* **What this task involves**:
Exact copies of the lines from the start of the records through the line with "家住芙蓉區(qū)的周凱說,這雙球鞋的設" are what the answer must hold; pictures are not part of it.

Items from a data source
+--

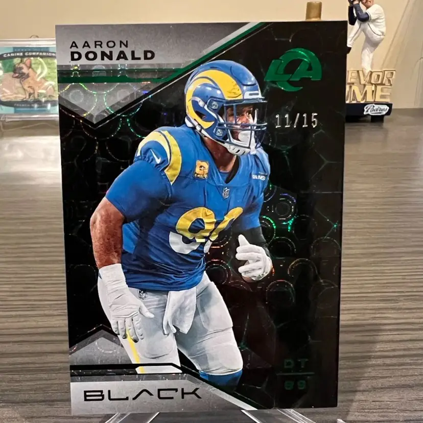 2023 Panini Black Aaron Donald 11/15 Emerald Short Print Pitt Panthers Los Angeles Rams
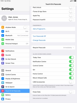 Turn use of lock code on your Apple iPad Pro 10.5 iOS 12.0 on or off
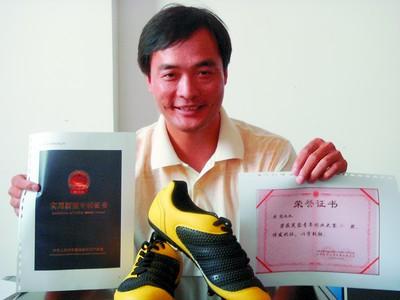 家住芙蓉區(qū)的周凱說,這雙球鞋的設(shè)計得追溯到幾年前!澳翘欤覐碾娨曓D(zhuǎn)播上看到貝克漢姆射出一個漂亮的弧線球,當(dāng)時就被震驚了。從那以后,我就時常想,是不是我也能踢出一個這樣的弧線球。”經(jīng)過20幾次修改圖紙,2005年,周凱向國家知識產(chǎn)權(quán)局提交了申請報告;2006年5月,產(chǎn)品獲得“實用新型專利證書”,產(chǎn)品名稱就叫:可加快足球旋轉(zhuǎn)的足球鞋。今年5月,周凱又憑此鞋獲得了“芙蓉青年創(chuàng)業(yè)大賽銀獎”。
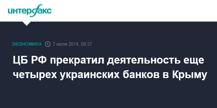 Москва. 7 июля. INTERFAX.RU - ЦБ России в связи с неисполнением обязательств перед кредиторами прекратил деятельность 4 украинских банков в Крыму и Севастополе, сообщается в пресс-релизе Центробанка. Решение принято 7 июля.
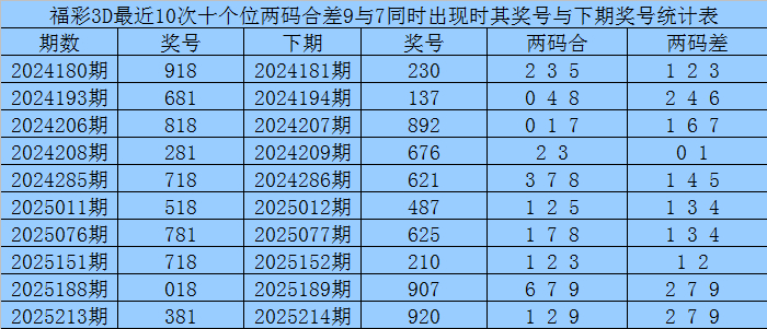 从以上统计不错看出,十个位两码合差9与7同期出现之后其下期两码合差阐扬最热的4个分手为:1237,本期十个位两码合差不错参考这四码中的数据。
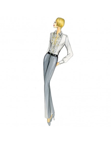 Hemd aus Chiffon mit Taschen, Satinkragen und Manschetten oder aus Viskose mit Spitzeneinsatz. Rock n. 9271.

+--

* **Answer to the problem**:
 2023 Panini Black Aaron Donald 11/15 Emerald Short Print Pitt Panthers Los Angeles Rams
 Turn use of lock code on your Apple iPad Pro 10.5 iOS 12.0 on or off
 家住芙蓉區(qū)的周凱說,這雙球鞋的設(shè)計得追溯到幾年前!澳翘欤覐碾娨曓D(zhuǎn)播上看到貝克漢姆射出一個漂亮的弧線球,當(dāng)時就被震驚了。從那以后,我就時常想,是不是我也能踢出一個這樣的弧線球。”經(jīng)過20幾次修改圖紙,2005年,周凱向國家知識產(chǎn)權(quán)局提交了申請報告;2006年5月,產(chǎn)品獲得“實用新型專利證書”,產(chǎn)品名稱就叫:可加快足球旋轉(zhuǎn)的足球鞋。今年5月,周凱又憑此鞋獲得了“芙蓉青年創(chuàng)業(yè)大賽銀獎”。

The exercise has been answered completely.